Academic engagement can be understood as involvement in school activities generally, effort put into learning activities specifically, and motivation to learn (Marks, 2000). Marks defined academic engagement as a psychological construct, describing it as the attention, interest, investment, and effort students expend in the work of learning (p.155). The High School Survey of Student Engagement (HSSSE) includes specific behavior-related activities in its definition (e.g., class attendance and time spent on academic tasks) but measures two other dimensions as well, including extracurricular academic involvement and emotional engagement (how a student feels about his or her connection to school; Yazzie-Mintz, 2009). These definitions emphasize that academic engagement is not a unidimensional construct focusing on time-on-task alone, but rather includes behavioral, cognitive, and emotional elements (Yonezawa, Jones, & Joselowsky, 2009). In light of the definitions offered here, and in light of the limitations of our data, this study focuses on the behavioral aspects of academic engagement, including time spent studying or tutoring peers, informal interactions with teachers, and participation in different student groups.
Academic engagement in high school is positively related to academic success (such as higher grades) and propensity to graduate (Cole & McCormick, 2009; Marks, 2000). Additionally, the cognitive aspect of engagement is linked to socialization toward concentration and attention to task skills (Marks). At the college level, academic engagement has been found to be an important element in college student success and in the retention of students from the first year into the second year and on to graduation (Pike & Kuh, 2005; Reason, Terenzini, & Domingo, 2006). However, a number of studies have found differences in levels of academic engagement based on key student characteristics, including gender, race/ethnicity, and class, as well as differences in how students in K12 may be differently engaged based on whether they attend a single-sex school. The following sections elaborate on the need for research related to school context (e.g., school gender) and for research that considers student characteristics and identifies the ways in which the present study meets these needs.

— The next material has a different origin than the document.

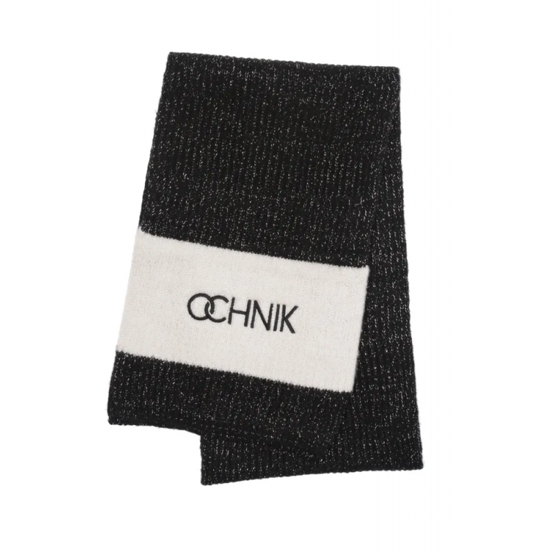 Ciepły szalik damski w kolorze czarnym z białym akcentem. Stanowi doskonały dodatek do kurtek w stylu casual.

GENDER AND ACADEMIC ENGAGEMENT
In both high school and college, women appear to be more academically engaged than men (Cole & Gonyea, 2008; Sax, 2008; Yonezawa et al., 2009); women report significantly more time spent studying and talking with teachers in high school than their male classmates. Findings by Cole and Gonyea (2008), and supported by Sax, indicate that high-achieving high school women are more involved with cocurricular activities than are high-achieving men. Cole and Gonyea also found that women have higher levels of expected college engagement than men. The higher levels of academic engagement among women correspond to academic gains women have made in recent decades, including increased college attendance and degree attainment (King, 2006; Sax).
Despite womens gains on many academic fronts, recent research highlights the persistent nature of certain gender inequities, particularly in elementary and secondary school classrooms (Carlone, 2004; Karpiak et al., 2007; Meece et al., 2006; Sadker et al., 2009). In their review of research, Meece et al. emphasized the role of classroom context in perpetuating historical gender differences, noting that boys continue to be more encouraged to engage in science and math, whereas girls are more encouraged to read or be classroom caregivers (i.e., getting band-aids when a fellow student has an injury). Carlone further identified instructional practices or attitudes that continue to disadvantage girls in the classroom. For example, she noted that the program she examined (Active Physics) persistently represented a predominantly male science identity. In particular, the teacher of the classroom consistently identified the boys in the classroom as having natural talent and valued these students more highly than the girls whom he more frequently identified as hard workers.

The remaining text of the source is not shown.